Subject: race in select() ?
To: None <tech-kern@netbsd.org>
From: Manuel Bouyer <bouyer@antioche.lip6.fr>
List: tech-kern
Date: 10/09/2003 13:46:49
Hi,
I think there is a race condition somewhere in select() when multiple
processes work on the same file descriptor, but I've not been able to
find where yet. I see it with UDP sockets.

I run rpc.rstatd from inetd on my servers. It gets polled every few seconds
from xmeter running on my workstations, and also one a minute by cricket.
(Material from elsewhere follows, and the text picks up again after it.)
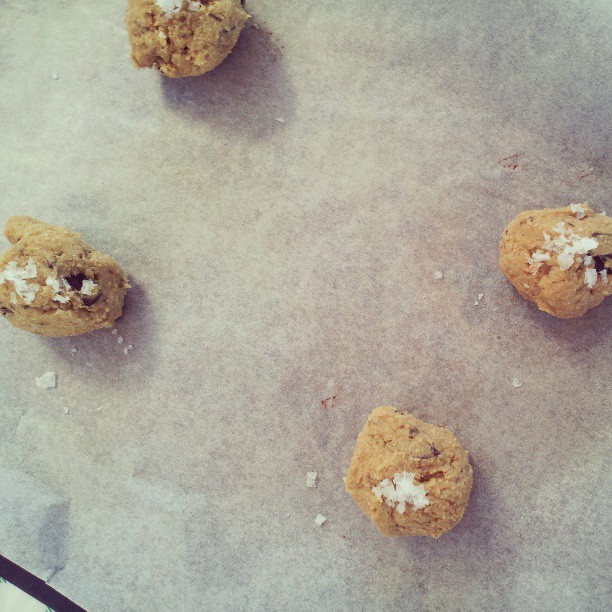 - When you are ready to bake you cookies preheat oven 175C (350F) of 150C fanforced. Place cookies on baking sheet about two inches apart and sprinkle tops with some salt flakes. Bake cookies for 16-20 minutes until lightly golden.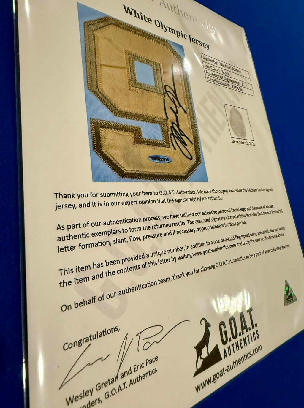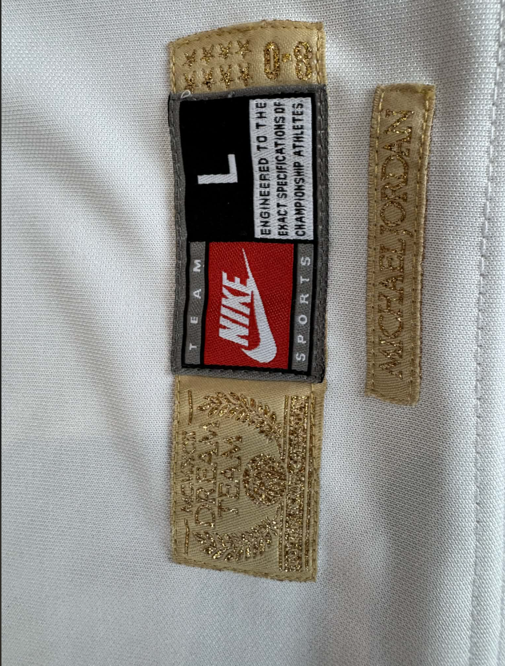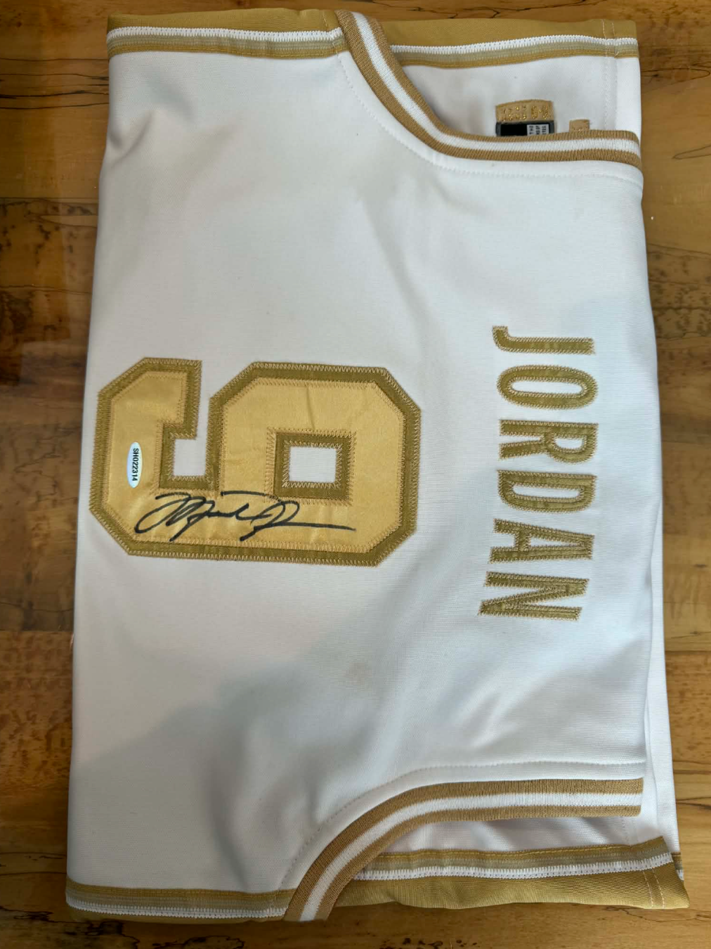 Authentic Michael Jordan #9 Dream Team jersey featuring a bold, full-length signature authenticated by UDA and GOAT. This rare collectible showcases premium white and gold styling with exceptional craftsmanship and weight. Includes Upper Deck hologram certification for guaranteed authenticity. A museum-quality piece for serious Jordan and basketball memorabilia collectors seeking investment-grade provenance and iconic Dream Team history.

Occasionally, rpc.rstatd stop responding on a server. When in this
state, inetd is blocked on select(), there is no rpc.rstatd running,
and there are some data in the socket queue as reported by netstat.
Today I played a bit with gdb and ddb on a box in this state.
I can confirm that inetd passed the proper arguments to select(),
and in the kernel sys_select() is waiting on the proper file descriptors.
A kill -HUP on inetd makes it go again.
To me it looks like the tsleep() failed to get awakened; after a HUP inetd
will call select again; as there are data in the socket queue it doesn't
sleep at all and process data waiting in the socket queue.

rpc.rstatd, when started from inetd, will also do a select on the socket
in svc_run(). It will then process the first request in the socket queue and
exit.

I suspect a race condition in the kernel, but don't have much idea about it.
Any idea welcome.

--
Manuel Bouyer, LIP6, Universite Paris VI.           Manuel.Bouyer@lip6.fr
     NetBSD: 24 ans d'experience feront toujours la difference
--